Recipients of the 2002 Harold Love Outstanding Community Service Award, established in 1997 by the Tennessee Higher Education Commission to honor the late Rep. Harold Love (D-Nashville), were recognized recently in a ceremony at the Maxwell House Hotel in Nashville.

The award and $1,000 cash goes annually to 10 students, faculty or staff at Tennessee colleges.

Winners are:
Juli Aube of Cookeville, Tenn., a senior in social work at Knoxville who volunteered at more than 20 social services agencies. She is a member of UT’s Team Vols and won the 2002 Outstanding Student Social Worker of the Year Award from the Tennessee Chapter of the National Association of Social Workers.

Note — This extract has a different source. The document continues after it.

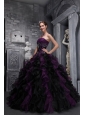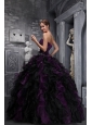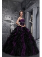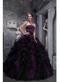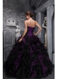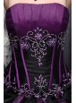 Home >  Quinceanera Dresses >  Discount Quinceanera Dresses > Exclusive Dark Purple and Black Quinceanera Dress Strapless Taffeta and Organza Appliques and Ruffles Ball Gown

Stephen Ross Johnson of Maryville, a third-year UT law student who co-directed UT Pro Bono, which pairs students with attorneys to help indigent persons. He also founded the Tennessee Innocence Project, in which students work to prevent innocent persons from remaining in prison.

Rick Hatler of Martin, Tenn., director of public safety at UT’s Martin campus, whose work in Weakley County’s COMMUNITY (Cooperative Outreach: Mentoring, Motivating, Uplifting, Nurturing, and Inspiring Today’s Youth) program places more than 40 adult volunteers yearly in local schools to help at-risk children.

Martin students Amanda Lamberth, a senior in university studies, and Kristin West, a senior in communications, both of Gallatin, Tenn., whose marathon run in 1999 raised more than $9,000 for the Arthritis Foundation.